November 06, 2013

Dealing with false positive IBD segments

False positive IBD segments are a real problem for those who wish to use genotype data to establish family connections with distant relatives. Traditionally, this involves finding shared common IBD segments, and then comparing genealogies to find potential common ancestors from which these segments could be inherited. IBD is also used in population genetics (e.g., Coop & Ralph 2013). There is an obvious tradeoff, since sloppy IBD detection may enable more genealogical links to be established but adds to the burden of establishing the validity of these links (the infamous "ignoring contact requests from potential genetic cousins" issue). It will be nice if this technology finds its way to end users who stand to most benefit from it.

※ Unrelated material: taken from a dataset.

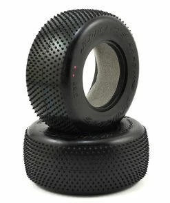 JConcepts Pin Downs Carpet Short Course Tires feature a pin spiked tread, which is directional for added performance and stability. The directional nature of the pins were positioned to allow broken-in type pins to grip the surface in one direction, while the pins are more upright when oriented in the opposite direction. The bottoms of the pins have heavy radiuses which allow the pins to wear more consistently and not tear or rip off the carcass prematurely. The tires are designed for the industry standard SCT wheels, available from JConcepts (JCO3344 – AE; JCO3352 – TLR).

arXiv:1311.1120 [q-bio.PE]

Reducing pervasive false positive identical-by-descent segments detected by large-scale pedigree analysis

Eric Y. Durand, Nicholas Eriksson, Cory Y. McLean

(Submitted on 5 Nov 2013)

Analysis of genomic segments shared identical-by-descent (IBD) between individuals is fundamental to many genetic applications, but IBD detection accuracy in non-simulated data is largely unknown. Using 25,432 genotyped European individuals, and exploiting known familial relationships in 2,952 father-mother-child trios contained therein, we identify a false positive rate over 67% for short (2-4 centiMorgan) segments. We introduce a novel, computationally-efficient, haplotype-based metric that enables accurate IBD detection on population-scale datasets.



Charles Nydorf said...

I am surprised that correct positive IBD's for 2-4 cM's even approaches 33%.

Mrs. Watanabe said...

I believe that the 67% false positive rate is per 2-4 cM segment, not per person.